There are many variables that I like to analyze, on an annual basis, in an Online / Retail Dynamics project.
Merchandise Categories: I sum annual demand by merchandise category, then divide the total by how much the customer spent in the past twelve months. This gives me a fraction (0.00 to 1.00) of amount spent in each category. Some clients want two years or five years or all history included. I find this is not an optimal way to analyze what customers purchase - who cares that you purchased a love seat in 2004? In these cases, I weight historical spend ... maybe 100% for 12-month purchases, 50% for 13-24 month, 30% for 25-36 month, 20% for 37-48 month, 14% for 49-60 month, and 10% for 61+ month purchases. This greatly minimizes the influence of old purchases, especially older high-dollar purchases.

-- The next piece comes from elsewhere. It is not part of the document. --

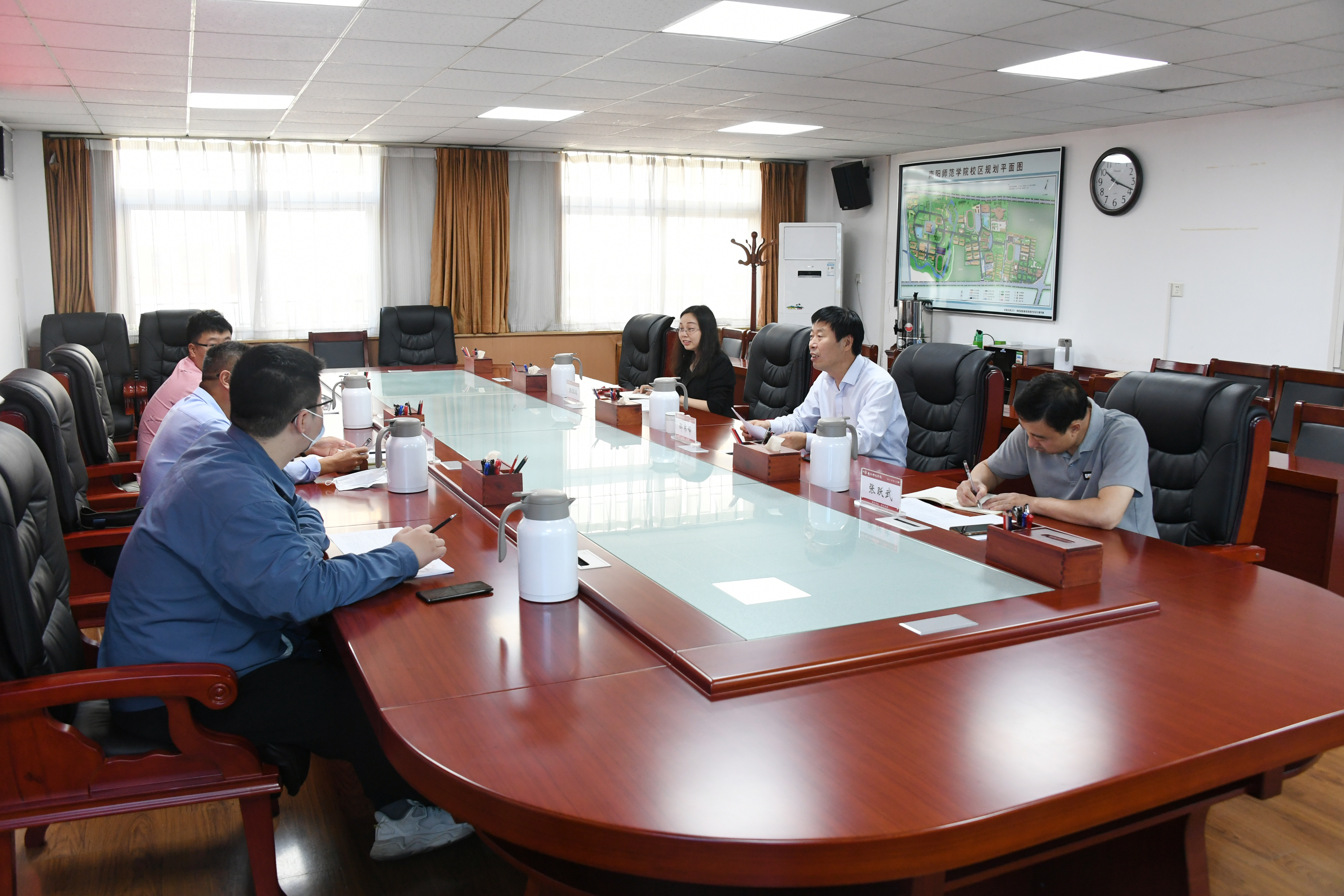 本网讯(孙渔珽/文 王占元/图)5月6日上午,天游官网与社旗县校地结对帮扶工作交流会在办公大楼二楼西会议室召开。社旗县乡村振兴局副局长赵学林,天游官网党委副书记、工会主席邵书峰出席会议。
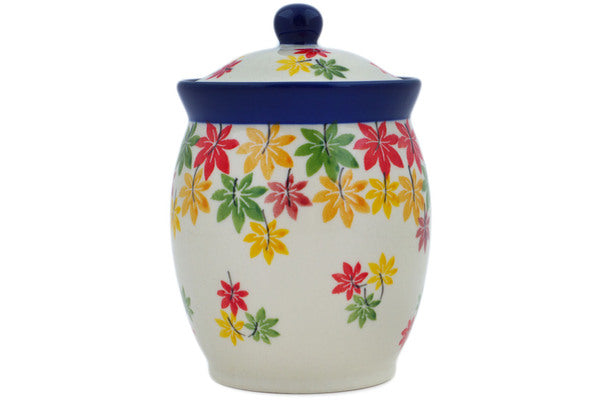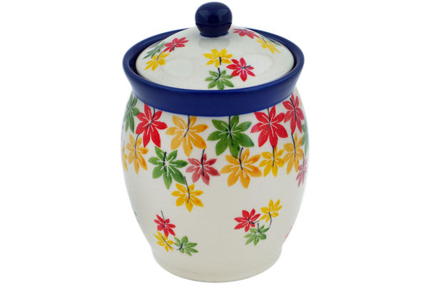 This Collecting Leaves 5" Jar with Lid was handmade and hand decorated in Boleslawiec, Poland by skilled artisans according to old traditional methods. This is a Polish pottery Signature Unikat, which means that it has been hand painted with both sponges and brushes and it is signed by the artist who painted it. Unikat pieces are the most intricate works of art. Larger Unikat items take hours of very careful work to finish. This Polish stoneware is microwave, dishwasher, freezer, and oven safe up to 480°F. It does not contain lead or cadmium. It is part of the Collecting Leaves Collection.

Website Visits: Here's a little secret not many folks want you to know - in most of my projects, I'm asked to analyze twelve-month website visitation behavior. Having said that, on average, only website visits in the past 15 - 30 days have any influence on future behavior. Often, I'll create three variables ... website / mobile app interactions in past 30 days, then from 31-90 days ago, and finally, 91-365 days ago. But again, only the most recent website / mobile app interaction matters. Recency is critically important online, folks. Heck, sometimes I'm asked to group website visits into buckets ... 1 visit last year, 2 visits last year, 3-5 visits last year, 6-10 visits last year, 11-50 visits last year, 51-100 visits last year, 100+, that kind of thing. Whatever works for you is fine, just make sure you have a defensible point of view.
Purchases: I like to sum twelve-month (or historical weighted) dollars by channel ... retail, smartphone, tablet, desktop/laptop, call center, that kind of thing. Then I'll divide the totals within channel by total annual (or historical weighted) dollars.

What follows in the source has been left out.